A number of the parameters above are self-explanatory, but we'll dig a bit deeper into a few here:

1. `image_size`: The first two values are set by the dimension of the images you've generated, but the final axis must always have dimension 1. Note that the `.npy` files that are saved by paltas are only two dimensional for now, but the `train_model.py` pipeline will add the third dimension to be compatible with the model architecture.
2. `learning_params`: This is a list of the parameters in `metadata.csv` that you want the model to predict. The name of the parameter is defined by the object it is associated to and the name of that parameter for that object. For example, if we wanted to predict `center_x` for the source we would add `source_center_x` to the list.
3. `npy_folders_train`: This should just be a list of the paths to all the training folders from which training examples will be pulled. If you have a very large training set (>10k images) it's best to divide the images among multiple folders. If there is only one training folder than this can be a list of length 1. 
4. `kwargs_detector`: The training pipeline allows for noise generation on the fly for noiseless images.
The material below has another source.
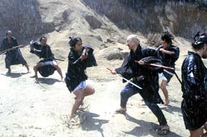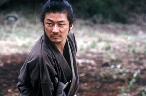 たけし座頭市の宿敵となる浪人・服部源之助役の浅野忠信の剣さばきは、目を見張るほどシャープで、男も惚れる怒涛のカッコよさだ。浜辺での二人の対決シーンは、この映画最大のヤマ場となっている。

This functionality is a little limited, but it allows the user to specify the same `kwargs_detector` in the config file passed to `generate.py`. Note this cannot conduct drizzling or PSF convolution, that must be done at the time of dataset generation.
5. `loss_function`: Currently this accepts three options -- `mse` which will result in a network trained to return the maximum likelihood estimate, `diag` which will result in a network trained to predict a diagonal covariance matrix, and `full` which will result in a network trained to predict a full covariance matrix.
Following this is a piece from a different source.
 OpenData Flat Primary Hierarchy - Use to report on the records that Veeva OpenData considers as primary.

6. `model_type`: The model to use. Only option implemented by default is `xresnet34`, but you can implement your own model in `conv_models` and add the option to `train_model.py`.
7. `model_weights`: The `{epoch:02d}-{val_loss:.2f}` string in the name will be dynamically populated with the epoch and the validation loss. This will cause a new model to be saved at the end of each epoch. If a fixed string is given then the newest model will always overwrite the previous model.